● Exercise description
Below, find the line containing "本公司注重集團業務成長的同時"; from there to the final line, print every line exactly and skip the pictures.

● Available data
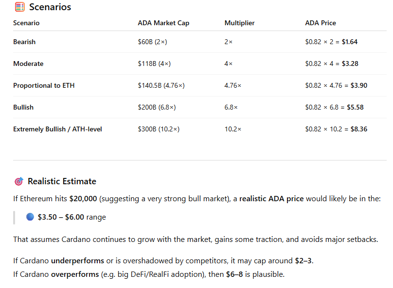 Cardano could rally multiple times from its current market valuation if Ethereum reaches an unprecedented price of $20,000.
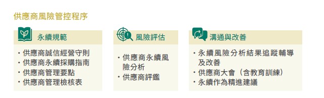 本公司注重集團業務成長的同時,亦嚴謹落實採購風險的管控與責任採購,透過推動永續供應鏈管理,邀請供應商加入永續行動,共創韌性永續未來。
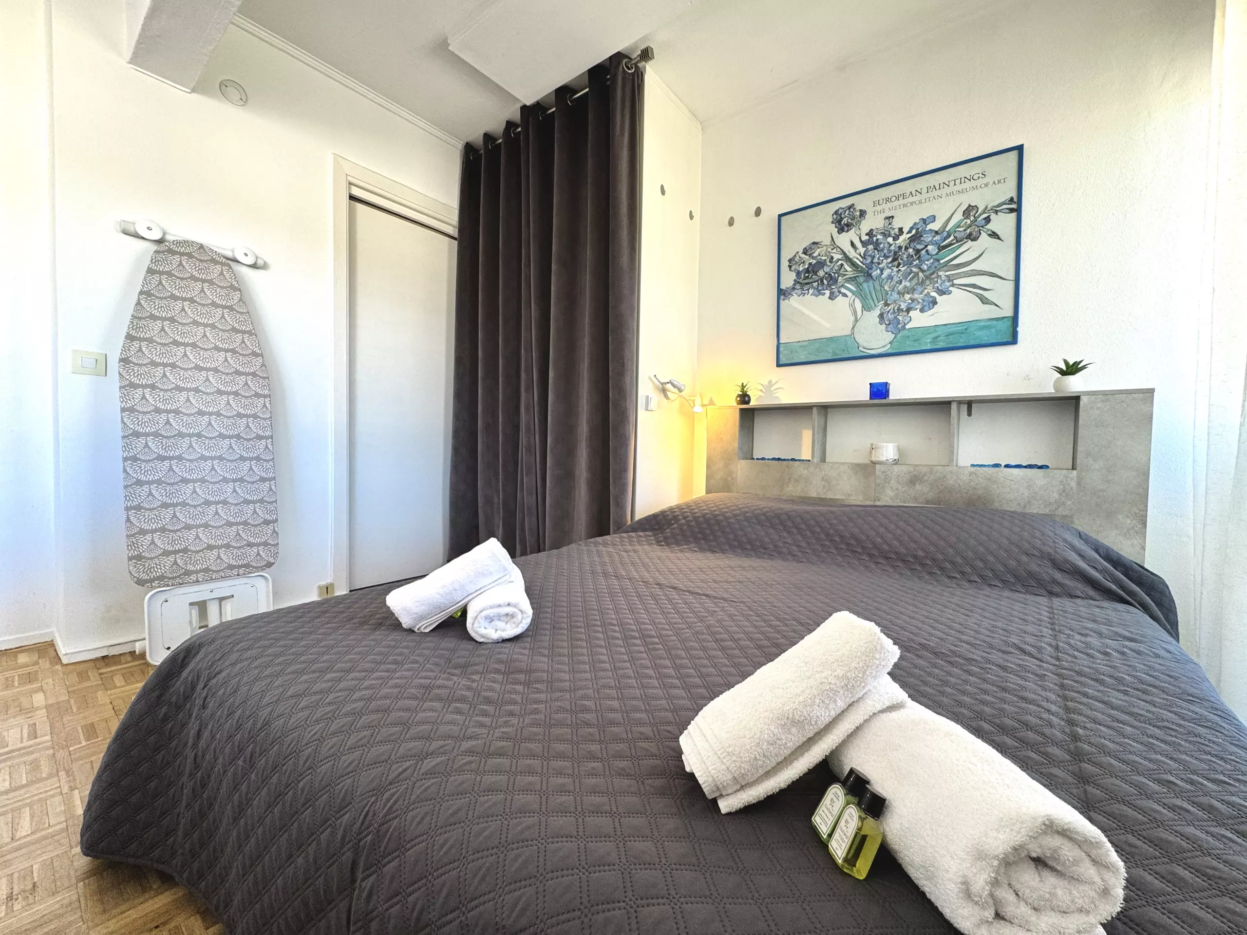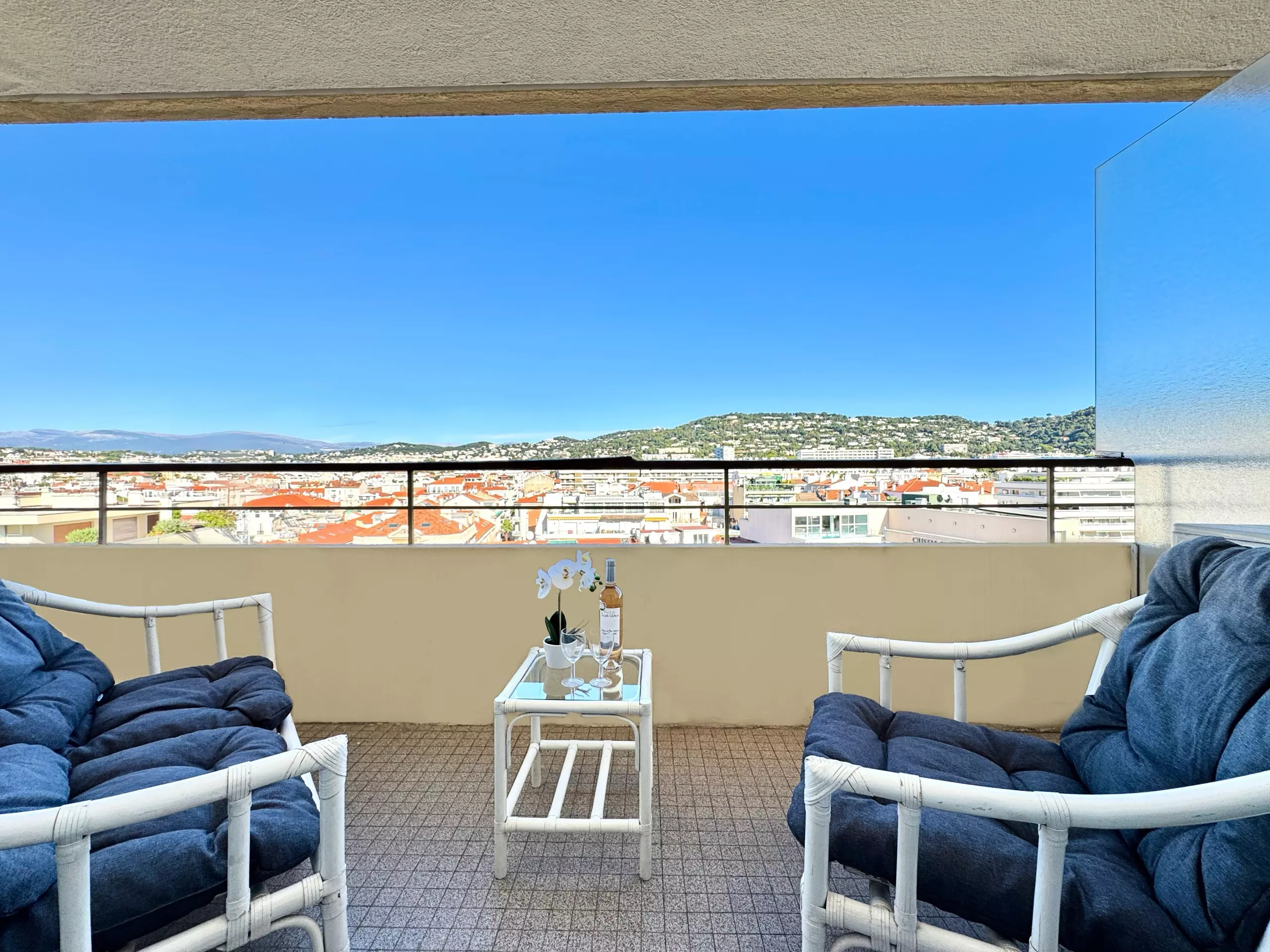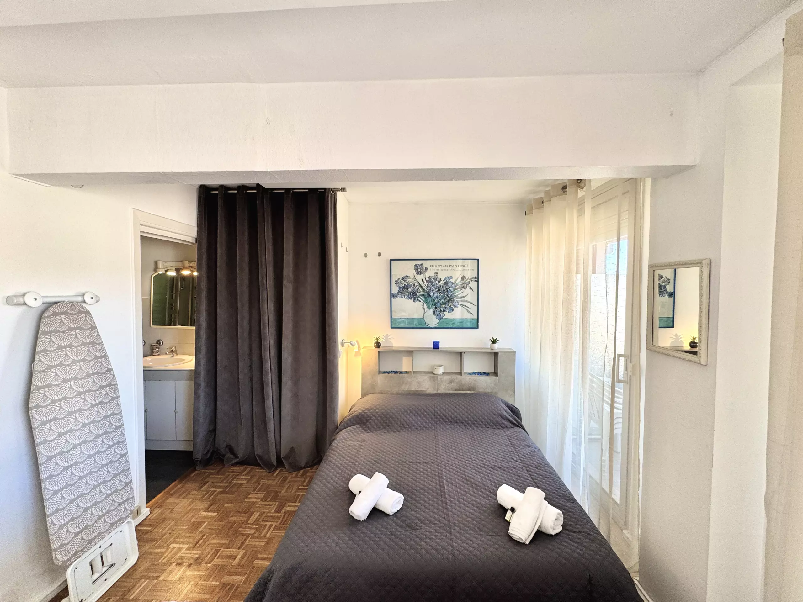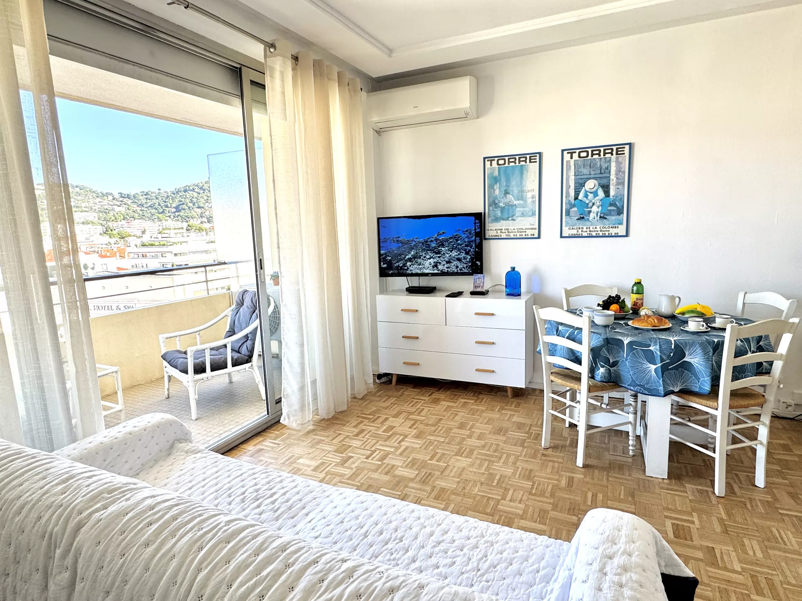 Le séjour se compose d'un lit double 160X200, d' un canapé convertible pour 2 personnes. Le tout ouvrant sur une belle grande terrasse avec vue sur les collines de Cannes.

● Answer to this problem
 本公司注重集團業務成長的同時,亦嚴謹落實採購風險的管控與責任採購,透過推動永續供應鏈管理,邀請供應商加入永續行動,共創韌性永續未來。
 Le séjour se compose d'un lit double 160X200, d' un canapé convertible pour 2 personnes. Le tout ouvrant sur une belle grande terrasse avec vue sur les collines de Cannes.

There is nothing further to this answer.